So like any young, first time, somewhat crunchy, frugal mom I decided long before I was pregnant that I was going to breastfeed. I had asked several people to share with me their breastfeeding experiences and had gathered that it was a wonderful, natural thing and that it would be the best for me and my baby. So it was a no brainer to me. When I became pregnant I bought a pump, reusable cloth nursing pads, maternity tanks, easy nursing shirts, nursing bras, creams, you name it. I was prepared, or so I thought.

I had such a rough pregnancy (hyperemesis gravidarum, loss of a job, difficult roommate situation, financial problems, various medical problems, and undiagnosed depression or what I consider pre-postpartum depression), I tried everything in my power to remain positive about the things I thought I had control over. I thought that if I wanted it bad enough, I could do it, and that’s all there is to it! Nursing was one of the things I thought I would be able to control. Little did I know I was SO wrong!

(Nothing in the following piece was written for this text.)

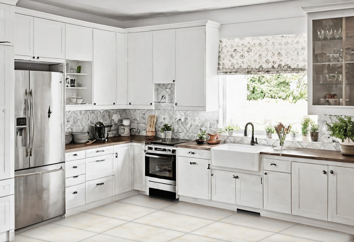 Γρανιτοπλακάκι δαπέδου σε ύφος μαρμάρου με μπεζ-άσπρες λεπτομέρειες και με σατινέ υφή.
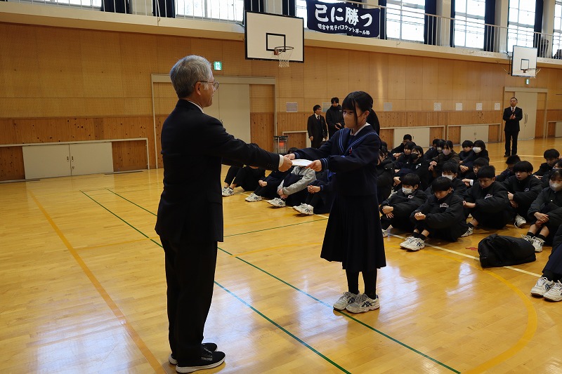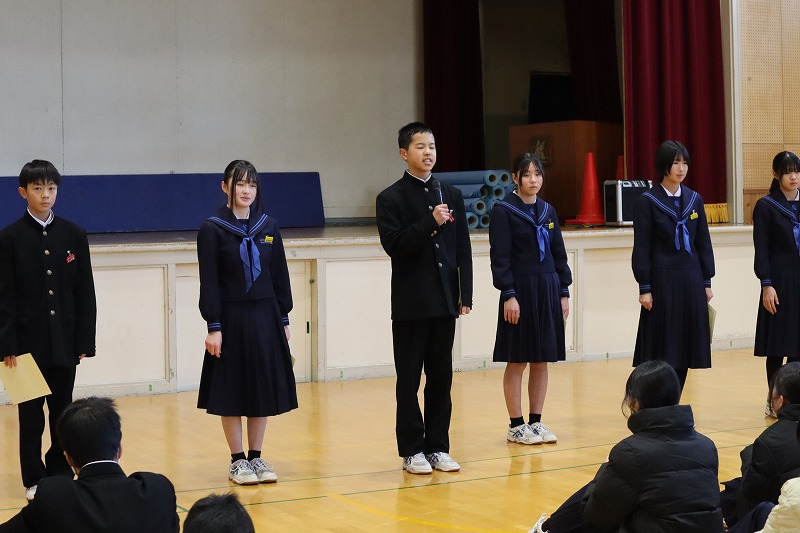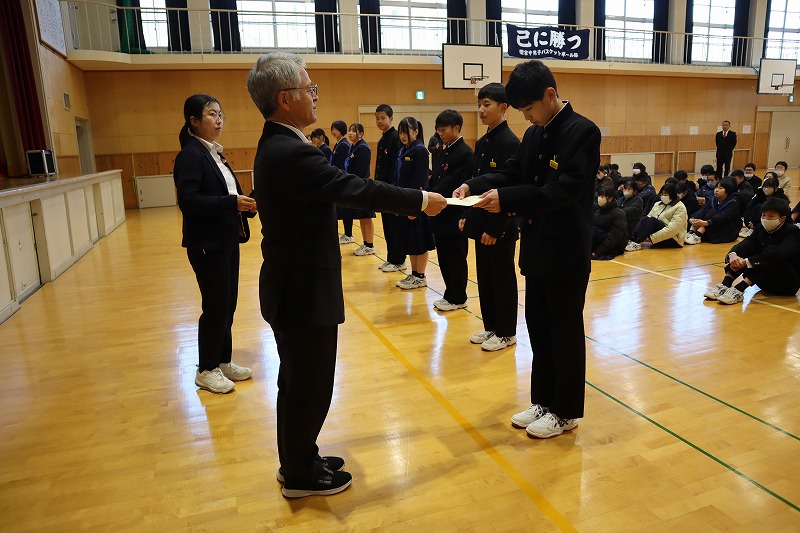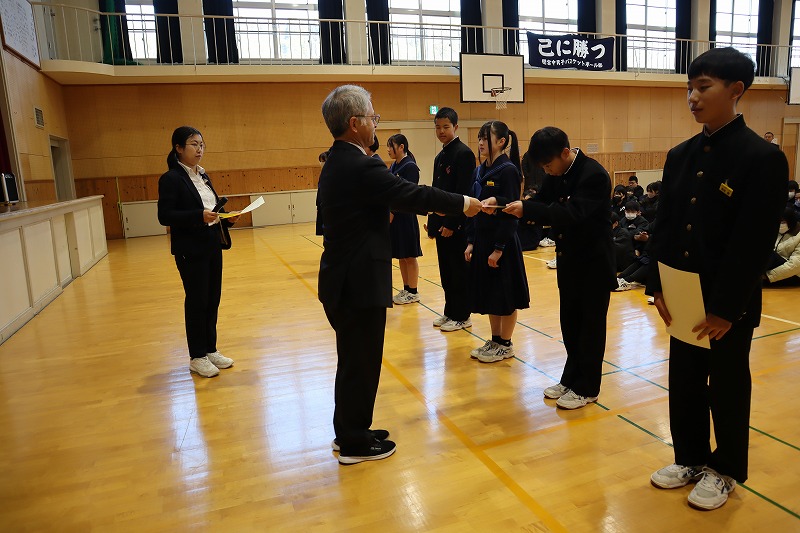 本日は3学期始業式を行いました。前期・後期の校歌を元気よく歌うことができました。校長先生からは、愛情や願いをもって植物を育てるように、自分自身を「なりたい自分」に育ててみようというお話がありました。児童生徒は今年も頑張るぞというきりっとした表情で始業式を迎えていました。後期課程では、新生徒会の認証式が行われました。校長先生から生徒会執行部に認証状が渡された後、一人ずつ所信表明を行いました。関宮学園の伝統を引き継ぎ、更により良い学校にしてくれるように感じました。次に、12月27日に開催されたアンサンブルコンテスト但馬地区大会の表彰伝達を行いました。

When my daughter was born the midwives told me she had a severe tongue and lip tie. My daughter’s frenulum reached the very tip of her tongue and her lip frenulum went all the way down to the very bottom of her top gum. Her tongue was completely restricted as was her lip. The midwives said that it didn’t necessarily mean she couldn’t nurse, but we would have to be very careful about making sure she was latching correctly.

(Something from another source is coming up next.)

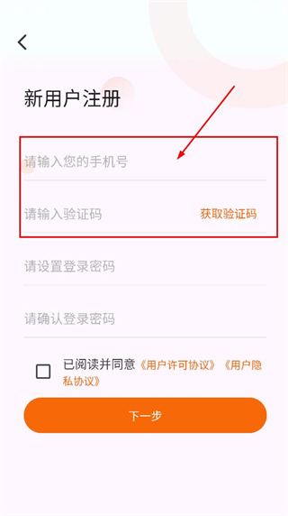 3、填寫手機號,點擊獲取驗證碼后填寫收到的請輸入驗證碼。

She could latch on the left side all right, but the right side hurt terribly and within the first day I had an extremely bloody and cracked nipple. The midwife told me that I shouldn’t have any kind of bleeding or pain if the latch was correct and continued to show me how to “fix” her latch. Nothing I did worked and by day three I knew something was wrong. It just didn’t seem like my daughter was able to get enough to eat, she didn’t seem satisfied and it seemed like she had trouble nursing. My midwife quickly came over and gave me a nipple shield. She explained the pros and cons and we decided that the pros outweighed the cons; we needed this baby to eat. But my daughter still wasn’t able to latch with the shield.

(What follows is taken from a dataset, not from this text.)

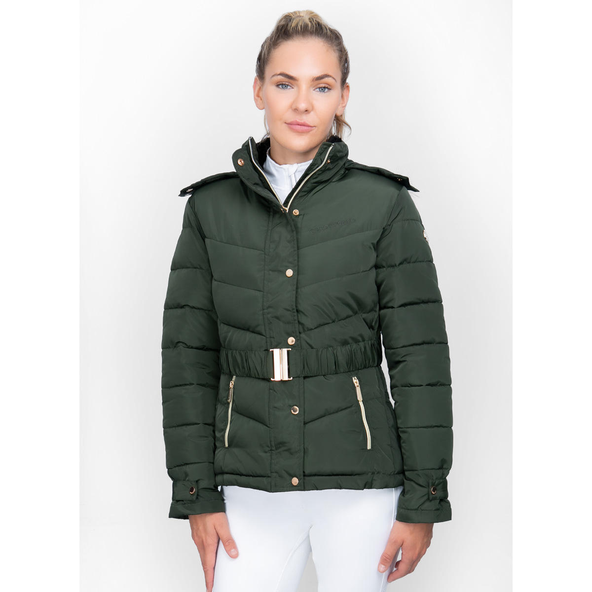 The stunning Cornhill Quilted Coat is engineered with quilted luxury faux duck down panels ensure optimum insulation, by trapping warm air to create a snug feeling. The detachable premium faux fur around the hood and faux fur on the collar to not only look stylish but keeps you toasty in the cold weather. This gorgeous coat features detachable premium faux fur around the hood and faux fur on the collar to keep you toasty and a flattering belt to secure the coat and creates a tailored shape and silhouette. The rear zipped vents allow for this coat to be used easily when riding, so you can look on-trend and be comfortable in and out the saddle. Exquisite gold detailing finishes off this stylish item, including a two-way front zip, press studs, zipped pockets and subtle Coldstream badge to the arm. As with any signature Coldstream piece, you are guaranteed supreme style and performance with this deluxe garment.

This resulted in the decision that it was time to take her to a tongue-tie specialist and get the ties released. I called a pediatric dentist who preformed the surgeries. But we weren’t able to get into see her for two weeks. So my midwife gave us a syringe and told me to pump my milk every 90 minutes and feed my daughter the milk I just pumped with the syringe attached to my pinky. This way, she was still sucking the correct way and insured her not getting nipple confusion with a bottle.

I only had a one sided pump at the time so it was very time consuming. I pumped one side for 20-30 minutes and then the other side from 20-30 minutes. Then I filled the syringe and attempted to get my daughter to latch onto my finger. She got so mad because she was so hungry that it was hard to calm her down enough to get her to take our finger. We tried this for about a week before we ended up going to lactation consultant.

The lactation consultants were actually students in training, and we chose to go to them because it was free. Looking back now, I would not recommend going to students for “special” nursing cases because they did not have enough experience to help troubleshoot the various and unique issues we experienced.

The lactation consultants accessed her mouth and agreed that the tongue and lip tie were severe. They also mentioned that her mouth was narrow and she had a lot of tongue, cheek, neck, and jaw restriction. They suggested after her tongue and lip tie release to get some craniosacral therapy done by a special chiropractor to help loosen the restricted muscles. While at the appointment we were able to get my daughter to latch with the shield! We were ecstatic!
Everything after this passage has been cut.